## TASK DIRECTIONS
Write out, word for word, every line in the data below from the one containing "Плоские круглогубцы 200" to the one containing "講演では、「助け合いを『探求", both of them included.
(SUPPLIED INFORMATION)
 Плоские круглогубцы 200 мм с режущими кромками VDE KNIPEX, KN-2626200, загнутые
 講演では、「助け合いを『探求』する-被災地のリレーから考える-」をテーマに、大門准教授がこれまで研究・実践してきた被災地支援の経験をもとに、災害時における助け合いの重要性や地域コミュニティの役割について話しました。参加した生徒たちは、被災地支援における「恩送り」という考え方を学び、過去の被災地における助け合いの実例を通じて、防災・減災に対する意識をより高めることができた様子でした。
(End SUPPLIED INFORMATION)
(SUPPLIED INFORMATION)
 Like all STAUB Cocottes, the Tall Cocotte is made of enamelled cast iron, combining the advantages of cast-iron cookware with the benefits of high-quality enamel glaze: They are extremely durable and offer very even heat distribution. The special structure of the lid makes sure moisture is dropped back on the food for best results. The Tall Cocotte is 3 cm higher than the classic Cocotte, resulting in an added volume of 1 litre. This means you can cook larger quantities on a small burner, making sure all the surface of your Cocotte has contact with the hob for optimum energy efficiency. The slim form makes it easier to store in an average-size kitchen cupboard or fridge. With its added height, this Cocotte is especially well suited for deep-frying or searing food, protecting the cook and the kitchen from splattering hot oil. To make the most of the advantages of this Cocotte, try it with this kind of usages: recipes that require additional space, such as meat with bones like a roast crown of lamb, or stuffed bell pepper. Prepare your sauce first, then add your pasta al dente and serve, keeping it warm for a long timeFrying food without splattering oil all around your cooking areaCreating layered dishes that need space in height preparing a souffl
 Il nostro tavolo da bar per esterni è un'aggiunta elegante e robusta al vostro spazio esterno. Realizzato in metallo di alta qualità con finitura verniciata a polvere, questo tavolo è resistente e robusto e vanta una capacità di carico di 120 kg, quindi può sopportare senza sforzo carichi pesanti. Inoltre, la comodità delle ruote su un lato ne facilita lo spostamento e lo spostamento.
(End SUPPLIED INFORMATION)
## TASK RESULT
 Плоские круглогубцы 200 мм с режущими кромками VDE KNIPEX, KN-2626200, загнутые
 講演では、「助け合いを『探求』する-被災地のリレーから考える-」をテーマに、大門准教授がこれまで研究・実践してきた被災地支援の経験をもとに、災害時における助け合いの重要性や地域コミュニティの役割について話しました。参加した生徒たちは、被災地支援における「恩送り」という考え方を学び、過去の被災地における助け合いの実例を通じて、防災・減災に対する意識をより高めることができた様子でした。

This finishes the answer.